▶ Assignment
Below are the entries. Print only the lines starting at the one with "Russell Senior | |" and ending at the one with "Beyaz mini boy", exactly, with no pictures.

▶ The input
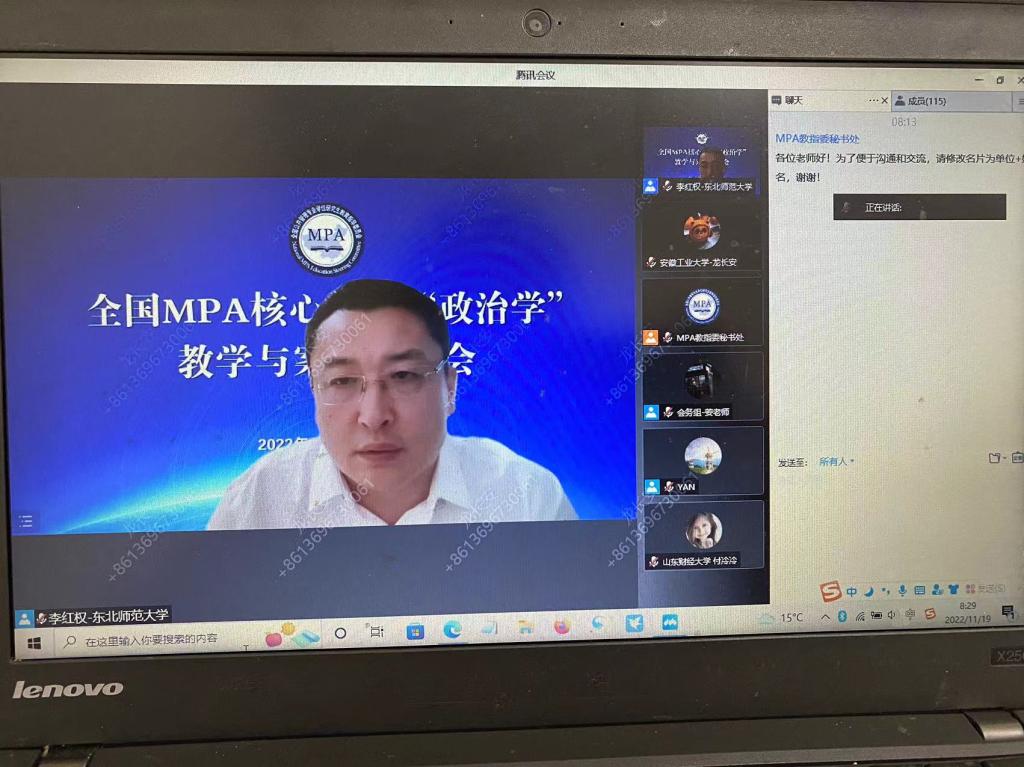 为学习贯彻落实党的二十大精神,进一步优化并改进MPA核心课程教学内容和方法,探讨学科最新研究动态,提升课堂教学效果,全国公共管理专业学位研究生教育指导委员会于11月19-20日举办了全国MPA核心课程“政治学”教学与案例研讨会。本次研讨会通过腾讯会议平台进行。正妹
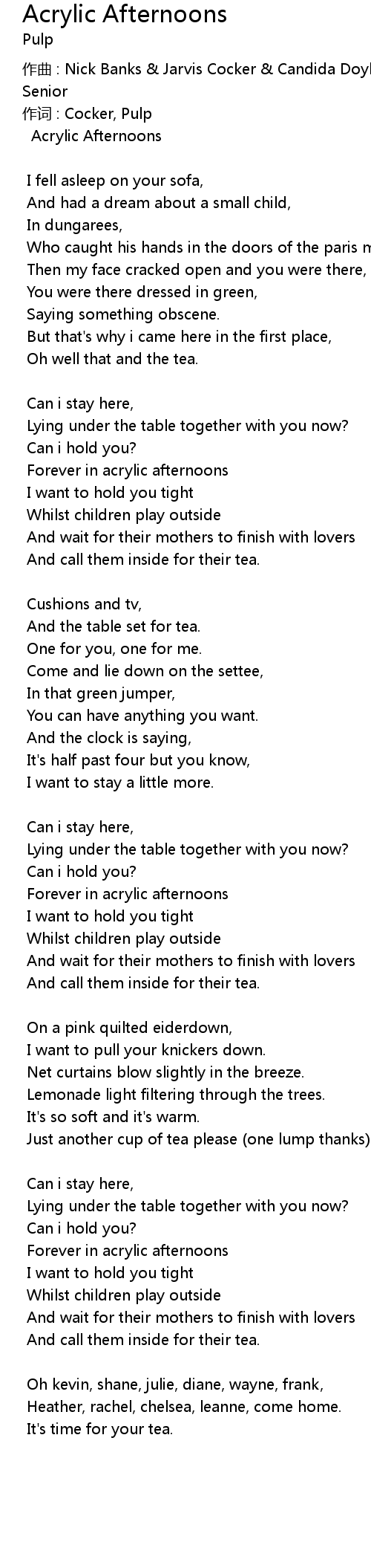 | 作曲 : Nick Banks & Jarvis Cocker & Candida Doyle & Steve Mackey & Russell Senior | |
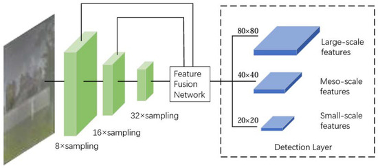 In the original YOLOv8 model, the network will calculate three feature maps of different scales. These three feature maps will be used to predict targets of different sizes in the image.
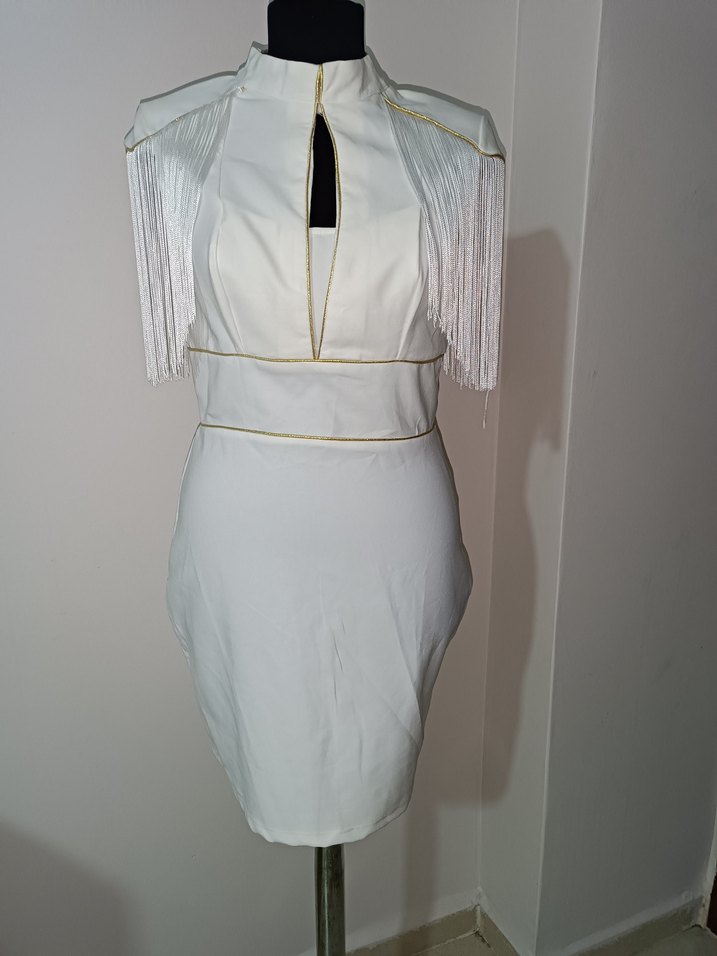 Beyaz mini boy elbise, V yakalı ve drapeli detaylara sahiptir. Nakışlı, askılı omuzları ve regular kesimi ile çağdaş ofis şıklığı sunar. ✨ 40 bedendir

...

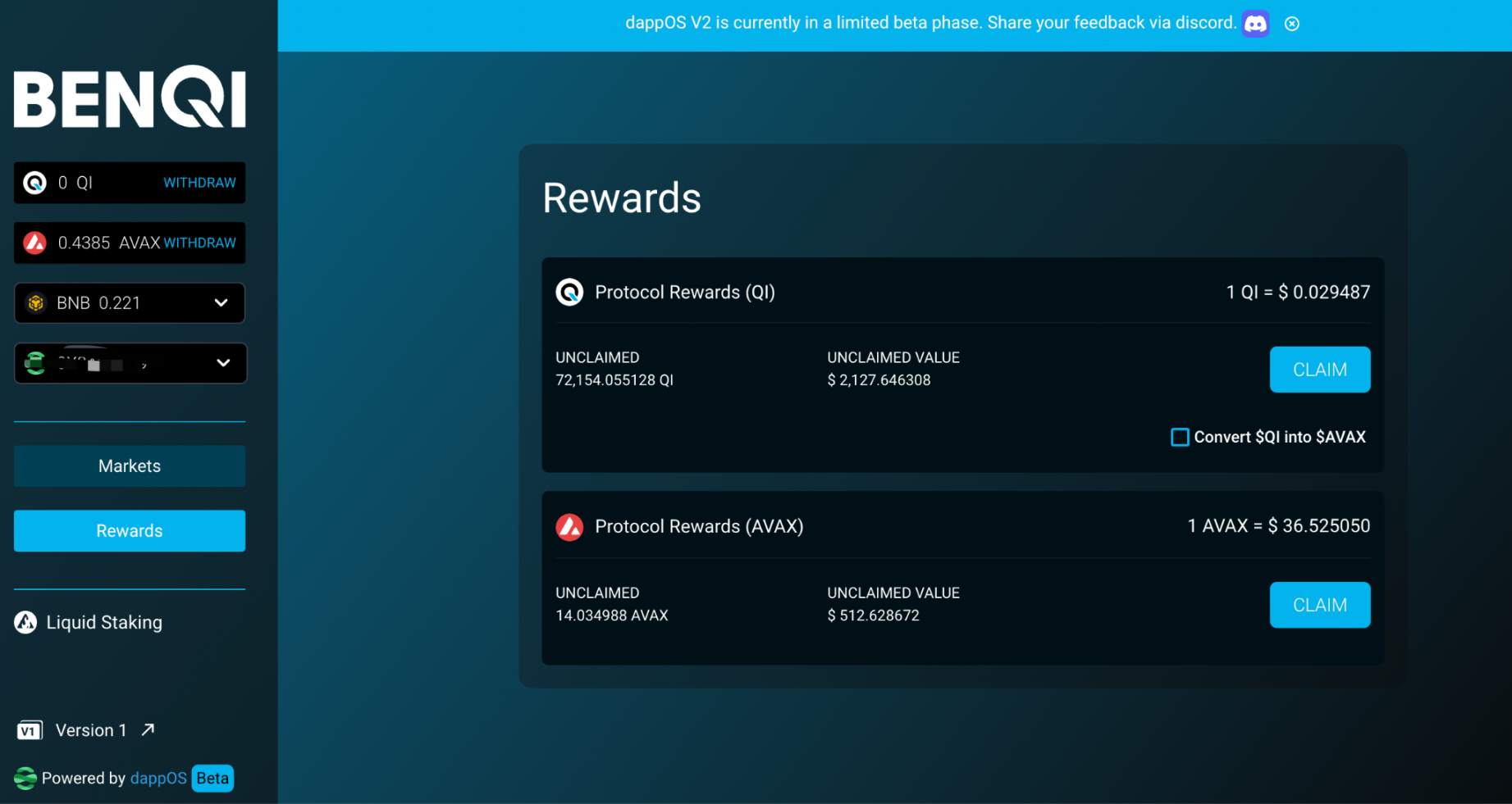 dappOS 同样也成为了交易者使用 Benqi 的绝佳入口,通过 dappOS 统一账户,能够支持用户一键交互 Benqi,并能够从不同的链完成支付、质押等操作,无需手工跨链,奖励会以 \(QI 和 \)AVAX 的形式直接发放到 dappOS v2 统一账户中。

* * *

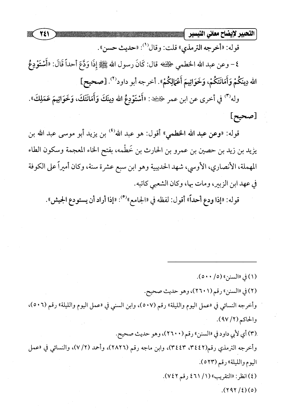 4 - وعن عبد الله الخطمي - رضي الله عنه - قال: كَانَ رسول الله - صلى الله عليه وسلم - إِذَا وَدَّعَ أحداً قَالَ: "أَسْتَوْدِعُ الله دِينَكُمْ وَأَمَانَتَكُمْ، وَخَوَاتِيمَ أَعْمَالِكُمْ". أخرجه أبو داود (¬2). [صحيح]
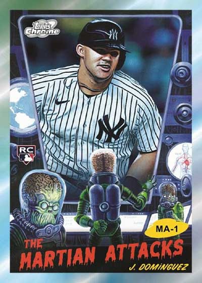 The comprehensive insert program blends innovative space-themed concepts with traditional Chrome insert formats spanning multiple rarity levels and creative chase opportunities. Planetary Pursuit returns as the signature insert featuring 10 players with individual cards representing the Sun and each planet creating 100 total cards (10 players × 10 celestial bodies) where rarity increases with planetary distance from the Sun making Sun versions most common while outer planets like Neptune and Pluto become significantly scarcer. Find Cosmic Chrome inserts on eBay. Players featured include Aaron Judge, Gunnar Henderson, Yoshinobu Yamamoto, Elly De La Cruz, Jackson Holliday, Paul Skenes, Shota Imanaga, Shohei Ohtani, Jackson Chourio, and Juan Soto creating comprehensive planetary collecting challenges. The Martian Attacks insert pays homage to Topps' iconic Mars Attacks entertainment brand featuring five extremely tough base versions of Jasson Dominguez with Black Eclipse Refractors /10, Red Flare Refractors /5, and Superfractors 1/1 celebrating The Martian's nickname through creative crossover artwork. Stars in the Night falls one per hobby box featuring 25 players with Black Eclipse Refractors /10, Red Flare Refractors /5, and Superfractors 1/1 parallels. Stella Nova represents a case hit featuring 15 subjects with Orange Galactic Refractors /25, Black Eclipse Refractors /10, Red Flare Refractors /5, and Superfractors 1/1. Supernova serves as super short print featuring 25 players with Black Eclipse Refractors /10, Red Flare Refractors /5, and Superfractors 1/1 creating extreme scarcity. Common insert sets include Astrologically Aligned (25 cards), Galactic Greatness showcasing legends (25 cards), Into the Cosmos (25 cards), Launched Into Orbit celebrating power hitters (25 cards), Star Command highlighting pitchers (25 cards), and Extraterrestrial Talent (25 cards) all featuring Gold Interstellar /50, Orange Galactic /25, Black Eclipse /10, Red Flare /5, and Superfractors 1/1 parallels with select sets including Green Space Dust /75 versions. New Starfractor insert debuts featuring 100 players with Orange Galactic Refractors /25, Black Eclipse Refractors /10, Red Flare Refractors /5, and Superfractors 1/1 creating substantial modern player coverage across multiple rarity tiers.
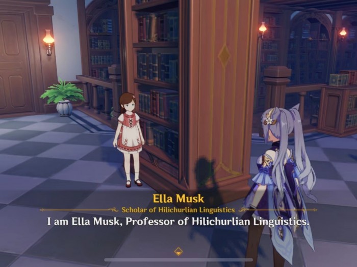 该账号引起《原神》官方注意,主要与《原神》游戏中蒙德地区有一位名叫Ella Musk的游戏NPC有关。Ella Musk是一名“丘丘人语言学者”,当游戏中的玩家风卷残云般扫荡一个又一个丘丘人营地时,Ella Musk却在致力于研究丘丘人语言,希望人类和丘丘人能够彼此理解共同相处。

▶ Reply to the task
 | 作曲 : Nick Banks & Jarvis Cocker & Candida Doyle & Steve Mackey & Russell Senior | |
 In the original YOLOv8 model, the network will calculate three feature maps of different scales. These three feature maps will be used to predict targets of different sizes in the image.
 Beyaz mini boy elbise, V yakalı ve drapeli detaylara sahiptir. Nakışlı, askılı omuzları ve regular kesimi ile çağdaş ofis şıklığı sunar. ✨ 40 bedendir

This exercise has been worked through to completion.